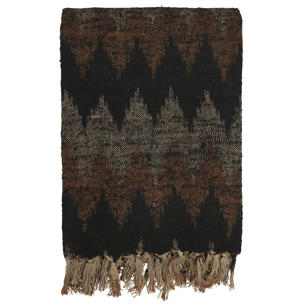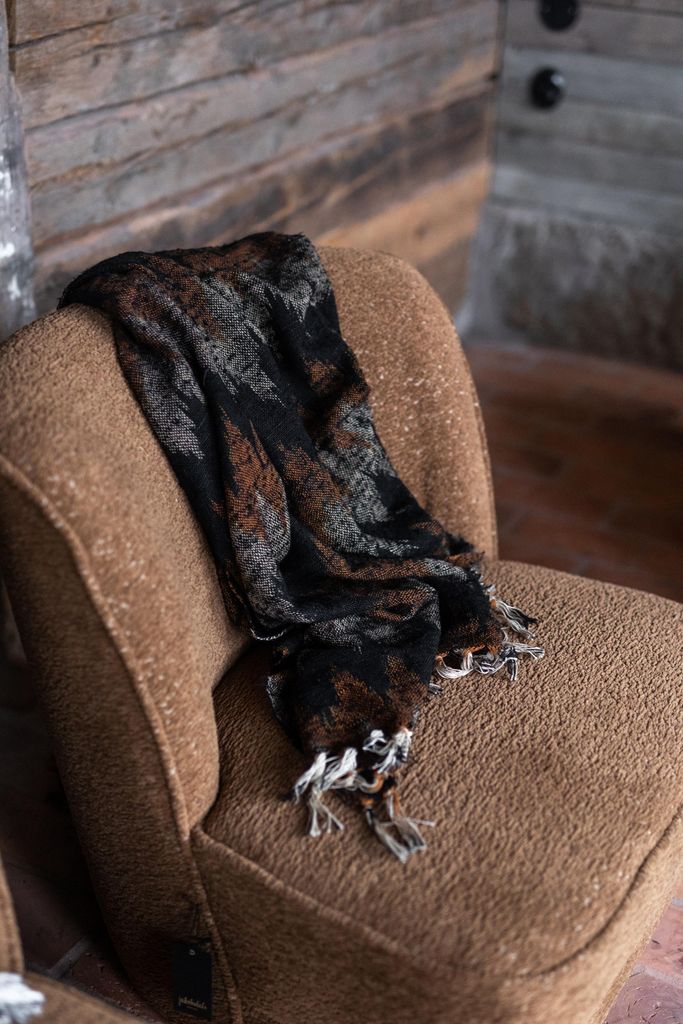 Aurora pläd är en karaktärsfull textil som direkt fångar blicken med sitt dekorativa mönster i svart, rost och naturtoner. Den grafiska designen ger pläden ett levande och spännande uttryck samtidigt som färgskalan skapar en varm och ombonad känsla.
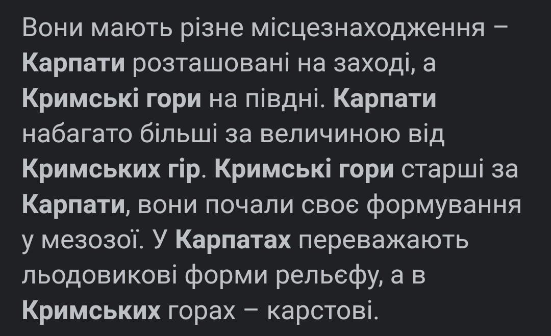 Кримські гори і Карпати відрізняються багато чим Карпати знаходяться на заході україни біля кордонів з Угорщиною, Польщею, і Словаччинею
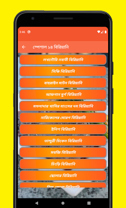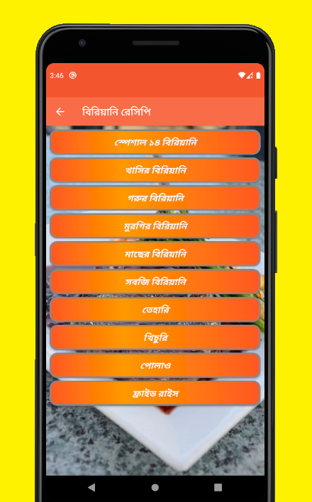 আমাদের এপসে রয়েছে - ইরানি বিরিয়ানি, কাচ্চি বিরিয়ানি, কাশ্মীরি বিরিয়ানি, নওয়াবী বিরিয়ানি, শাহজাহানী বিরিয়ানি, হায়দ্রাবাদী বিরিয়ানি, আখনি বিরিয়ানি, দম বিরিয়ানি, কোফতা বিরিয়ানি, স্মোকি বিরিয়ানি, আফগান মুর্গ বিরিয়ানি, কলকাতার বিরিয়ানি, ইলিশ বিরিয়ানি, প্রণ বিরিয়ানি, শ্রিম্প বিরিয়ানি সহ আরো অন্যান্য বিরিয়ানির আইটেম। তাছাড়া অসংখ্য খিচুড়ি রেসিপির সাথে রয়েছে গরুর তেহারী, খাসির তেহারী এবং সরিষার তেলে তেহারী রান্নার রেসিপি।
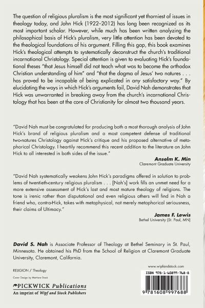 The question of religious pluralism is the most significant yet thorniest of issues in theology today, and John Hick (1922-2012) has long been recognized as its most important scholar. However, while much has been written analyzing the philosophical basis of Hick's pluralism, very little attention has been devoted to the theological foundations of his argument. Filling this gap, this book examines Hick's theological attempts to systematically deconstruct the church's traditional incarnational Christology. Special attention is given to evaluating Hick's foundational theses "that Jesus himself did not teach what was to become the orthodox Christian understanding of him" and "that the dogma of Jesus' two natures . . . has proved to be incapable of being explicated in any satisfactory way." By elucidating the ways in which Hick's arguments fail, David Nah demonstrates that Hick was unwarranted in breaking away from the church's incarnational Christology that has been at the core of Christianity for almost two thousand years.

— Goal of the exercise —
Please write the data out again exactly, but do not carry over the pictures.

— Answer for the task —
 Aurora pläd är en karaktärsfull textil som direkt fångar blicken med sitt dekorativa mönster i svart, rost och naturtoner. Den grafiska designen ger pläden ett levande och spännande uttryck samtidigt som färgskalan skapar en varm och ombonad känsla.
 Кримські гори і Карпати відрізняються багато чим Карпати знаходяться на заході україни біля кордонів з Угорщиною, Польщею, і Словаччинею
 আমাদের এপসে রয়েছে - ইরানি বিরিয়ানি, কাচ্চি বিরিয়ানি, কাশ্মীরি বিরিয়ানি, নওয়াবী বিরিয়ানি, শাহজাহানী বিরিয়ানি, হায়দ্রাবাদী বিরিয়ানি, আখনি বিরিয়ানি, দম বিরিয়ানি, কোফতা বিরিয়ানি, স্মোকি বিরিয়ানি, আফগান মুর্গ বিরিয়ানি, কলকাতার বিরিয়ানি, ইলিশ বিরিয়ানি, প্রণ বিরিয়ানি, শ্রিম্প বিরিয়ানি সহ আরো অন্যান্য বিরিয়ানির আইটেম। তাছাড়া অসংখ্য খিচুড়ি রেসিপির সাথে রয়েছে গরুর তেহারী, খাসির তেহারী এবং সরিষার তেলে তেহারী রান্নার রেসিপি।
 The question of religious pluralism is the most significant yet thorniest of issues in theology today, and John Hick (1922-2012) has long been recognized as its most important scholar. However, while much has been written analyzing the philosophical basis of Hick's pluralism, very little attention has been devoted to the theological foundations of his argument. Filling this gap, this book examines Hick's theological attempts to systematically deconstruct the church's traditional incarnational Christology. Special attention is given to evaluating Hick's foundational theses "that Jesus himself did not teach what was to become the orthodox Christian understanding of him" and "that the dogma of Jesus' two natures . . . has proved to be incapable of being explicated in any satisfactory way." By elucidating the ways in which Hick's arguments fail, David Nah demonstrates that Hick was unwarranted in breaking away from the church's incarnational Christology that has been at the core of Christianity for almost two thousand years.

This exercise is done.